■ What you should do
From the first line of the data down to and including the line with "Enjoy the rich, caramelly", copy everything exactly, leaving out pictures.

■ The data
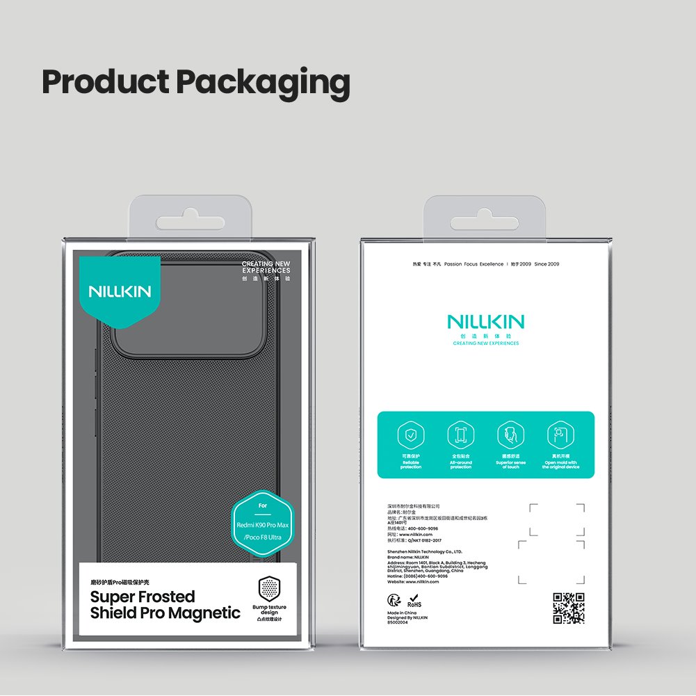 Juodas plastikinis dėklas Xiaomi Poco F8 Ultra yra Super Frosted PRO Magnetic nugaros apsauginis dangtelis iš Nillkin prekės ženklo su integruotu magnetu Apple MagSafe priedams.
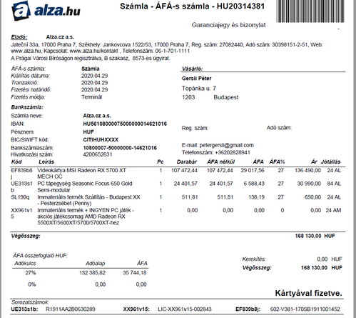 Alza garancia van rá (2022.04.29.-ig)
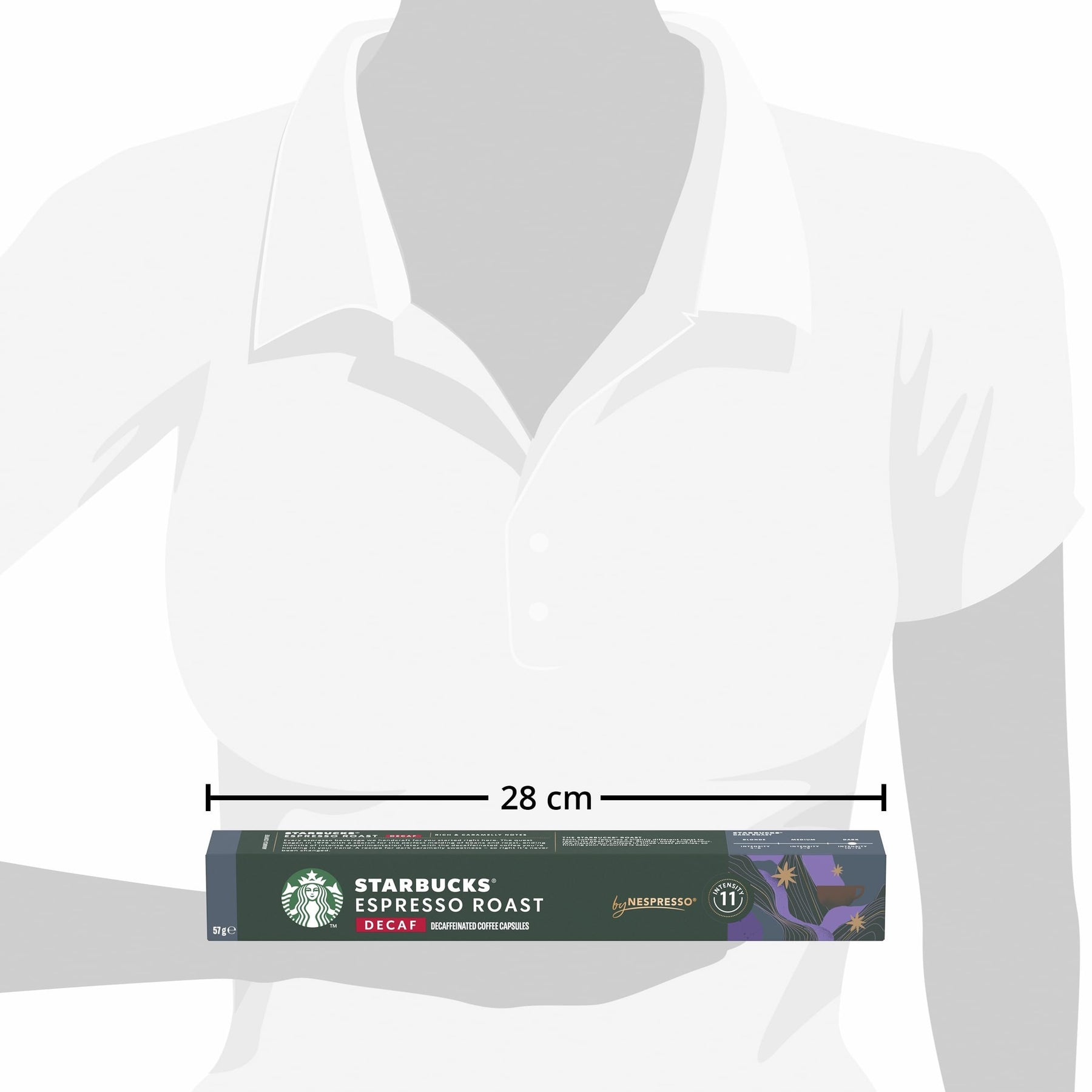 Enjoy the rich, caramelly notes of STARBUCKS Decaf Espresso Roast from the comfort of your home. Expertly crafted for Nespresso machines, these dark roast coffee capsules deliver a bold, full-bodied flavor with the signature intensity of an authentic espresso roast—without the caffeine.
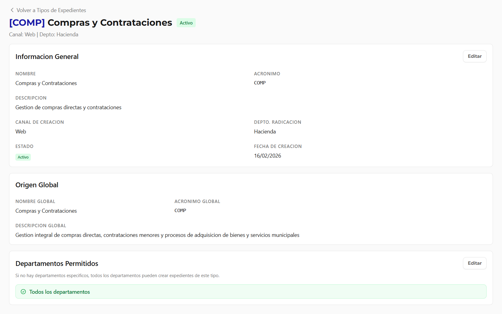 - Todos los departamentos: Cualquier departamento puede crear expedientes de este tipo
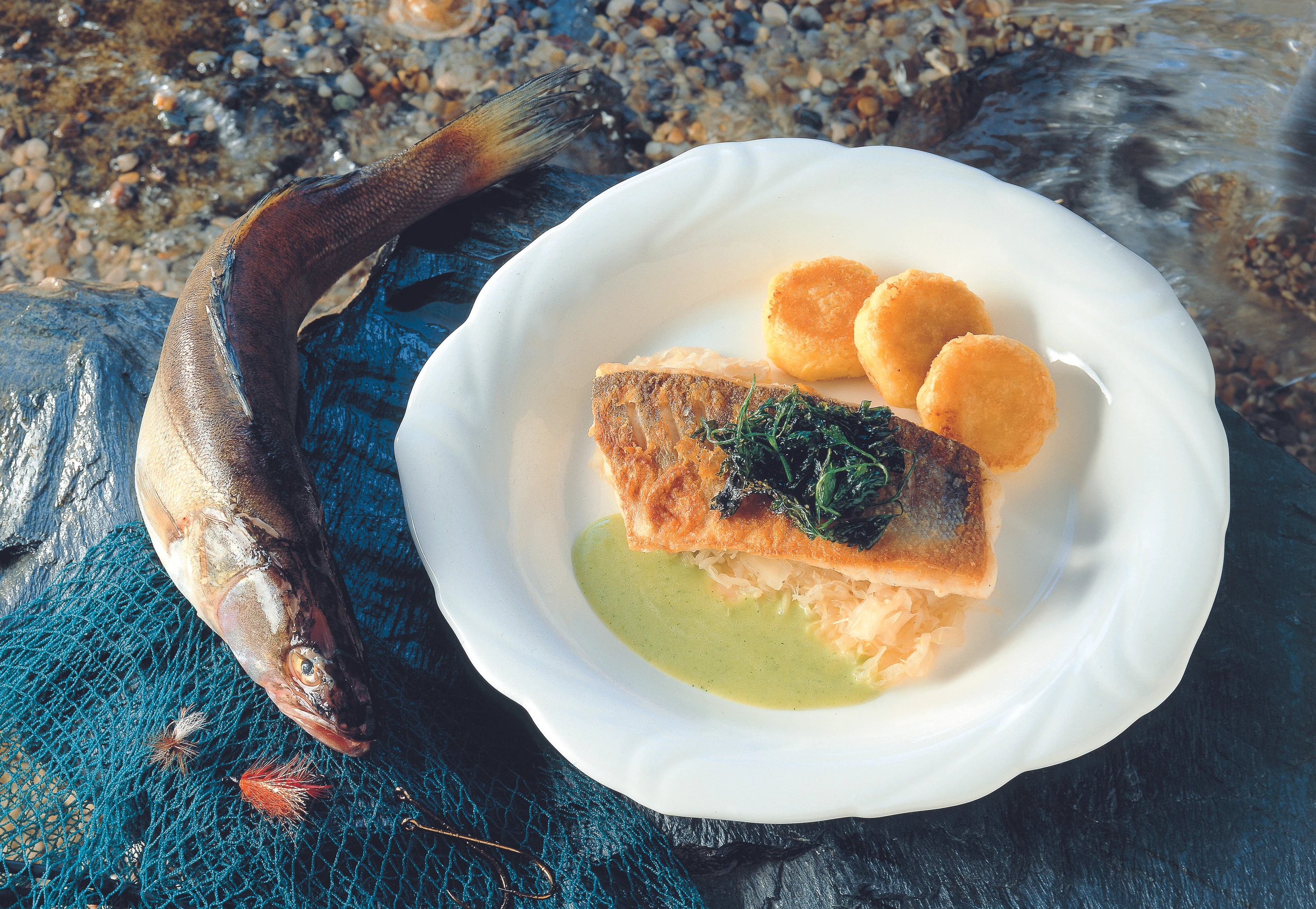 Fisch aus der Pfanne heben, gut abtropfen lassen und mit der Sauce sowie Erdäpfellaibchen und Rieslingkraut als Beilagen anrichten.
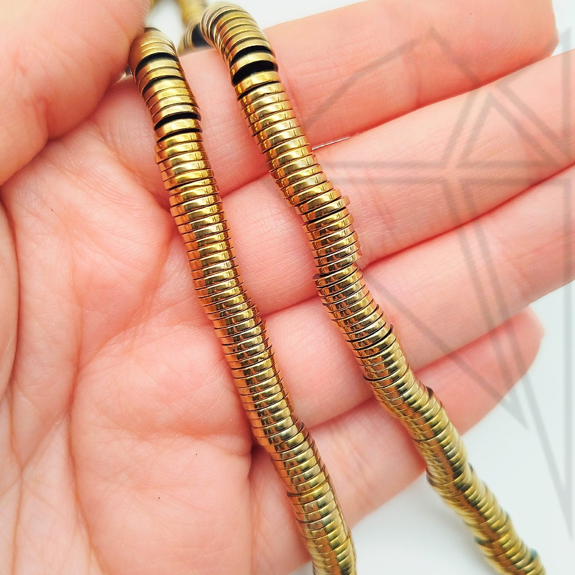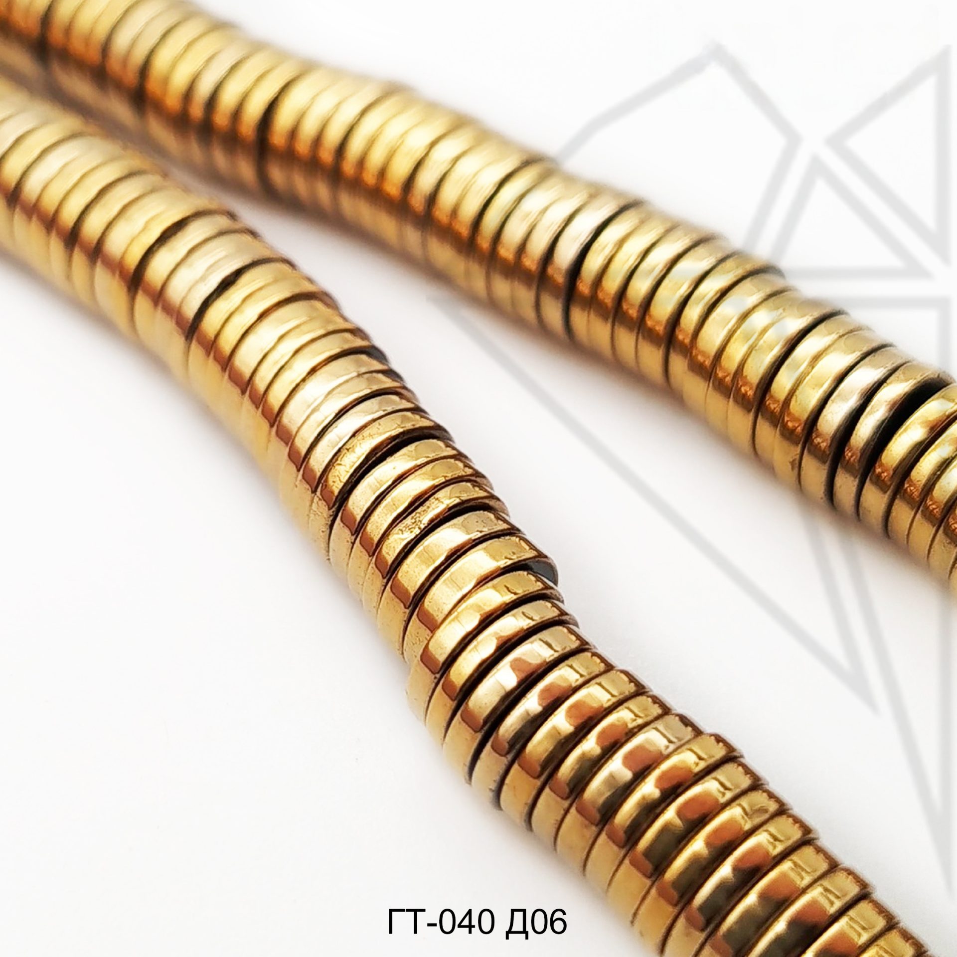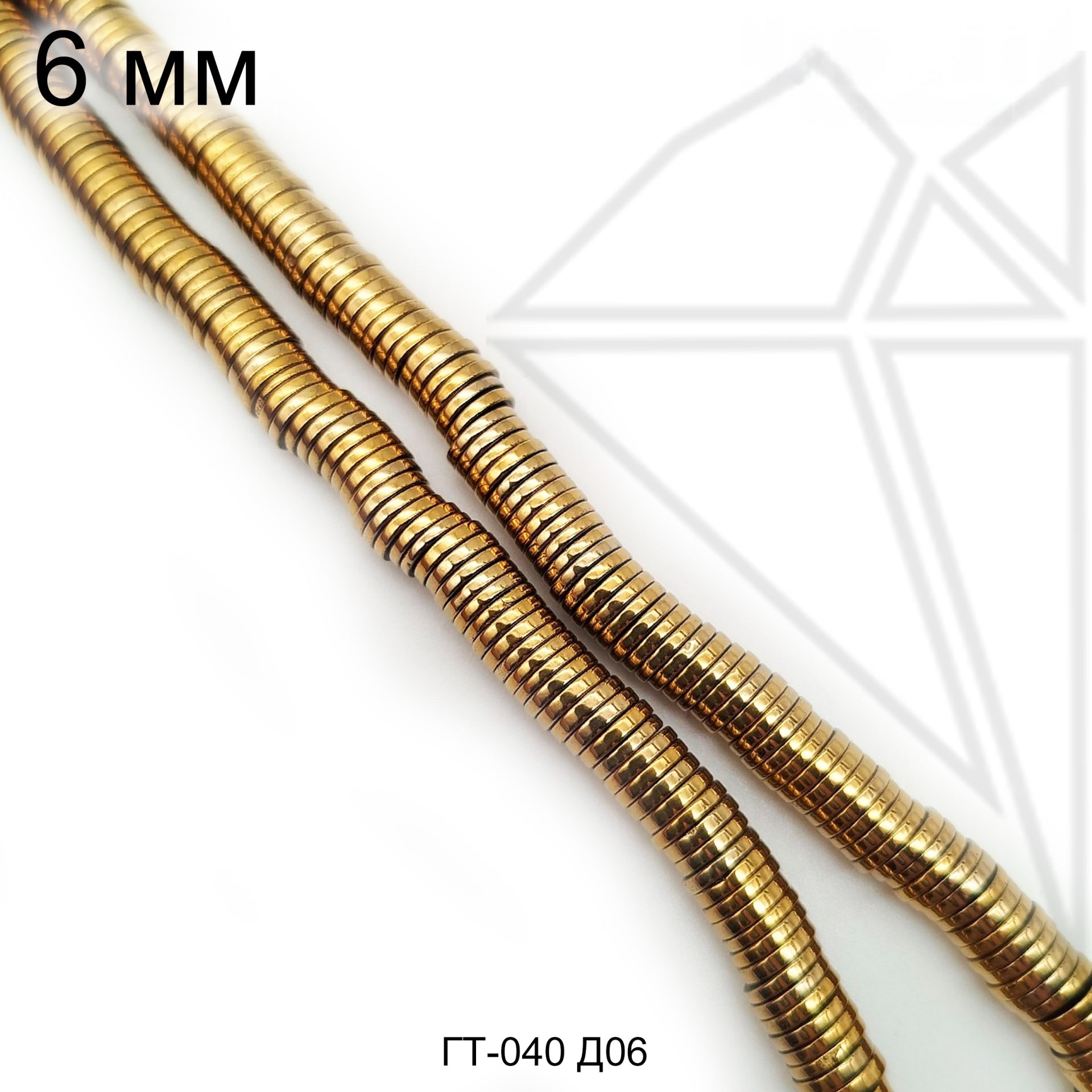 Гематит гладкий в форме диска диаметром 6 мм золотого цвета.

■ Exercise result
 Juodas plastikinis dėklas Xiaomi Poco F8 Ultra yra Super Frosted PRO Magnetic nugaros apsauginis dangtelis iš Nillkin prekės ženklo su integruotu magnetu Apple MagSafe priedams.
 Alza garancia van rá (2022.04.29.-ig)
 Enjoy the rich, caramelly notes of STARBUCKS Decaf Espresso Roast from the comfort of your home. Expertly crafted for Nespresso machines, these dark roast coffee capsules deliver a bold, full-bodied flavor with the signature intensity of an authentic espresso roast—without the caffeine.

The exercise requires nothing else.